About this task: Output exactly the span of lines beginning with the one that holds "Le Ôclub Select" and ending with the last line of the data below.

--

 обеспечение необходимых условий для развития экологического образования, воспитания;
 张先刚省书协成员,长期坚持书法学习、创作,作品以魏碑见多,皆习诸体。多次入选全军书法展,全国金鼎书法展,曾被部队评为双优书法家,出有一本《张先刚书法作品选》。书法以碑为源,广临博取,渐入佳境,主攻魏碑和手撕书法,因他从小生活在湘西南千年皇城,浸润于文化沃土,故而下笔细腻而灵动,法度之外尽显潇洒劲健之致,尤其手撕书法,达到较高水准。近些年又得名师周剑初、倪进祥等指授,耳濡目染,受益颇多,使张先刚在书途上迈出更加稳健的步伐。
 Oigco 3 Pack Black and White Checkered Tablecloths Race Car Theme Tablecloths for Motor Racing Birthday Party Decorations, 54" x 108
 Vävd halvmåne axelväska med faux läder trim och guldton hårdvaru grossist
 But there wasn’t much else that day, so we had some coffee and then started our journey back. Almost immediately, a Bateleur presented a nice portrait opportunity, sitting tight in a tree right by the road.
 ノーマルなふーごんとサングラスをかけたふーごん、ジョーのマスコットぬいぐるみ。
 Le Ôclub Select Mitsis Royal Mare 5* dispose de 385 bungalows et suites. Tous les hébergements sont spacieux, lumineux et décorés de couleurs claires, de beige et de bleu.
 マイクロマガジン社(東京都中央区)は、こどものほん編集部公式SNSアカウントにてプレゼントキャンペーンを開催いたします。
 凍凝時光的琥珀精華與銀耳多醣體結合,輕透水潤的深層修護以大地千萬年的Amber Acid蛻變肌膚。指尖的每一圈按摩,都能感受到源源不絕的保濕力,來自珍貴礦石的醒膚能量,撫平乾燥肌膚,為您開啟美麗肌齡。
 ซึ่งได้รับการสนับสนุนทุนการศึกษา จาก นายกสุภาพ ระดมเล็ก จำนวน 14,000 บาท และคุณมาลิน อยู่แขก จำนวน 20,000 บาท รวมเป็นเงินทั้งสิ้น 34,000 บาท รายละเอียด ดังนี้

--

Result of the task:
 Le Ôclub Select Mitsis Royal Mare 5* dispose de 385 bungalows et suites. Tous les hébergements sont spacieux, lumineux et décorés de couleurs claires, de beige et de bleu.
 マイクロマガジン社(東京都中央区)は、こどものほん編集部公式SNSアカウントにてプレゼントキャンペーンを開催いたします。
 凍凝時光的琥珀精華與銀耳多醣體結合,輕透水潤的深層修護以大地千萬年的Amber Acid蛻變肌膚。指尖的每一圈按摩,都能感受到源源不絕的保濕力,來自珍貴礦石的醒膚能量,撫平乾燥肌膚,為您開啟美麗肌齡。
 ซึ่งได้รับการสนับสนุนทุนการศึกษา จาก นายกสุภาพ ระดมเล็ก จำนวน 14,000 บาท และคุณมาลิน อยู่แขก จำนวน 20,000 บาท รวมเป็นเงินทั้งสิ้น 34,000 บาท รายละเอียด ดังนี้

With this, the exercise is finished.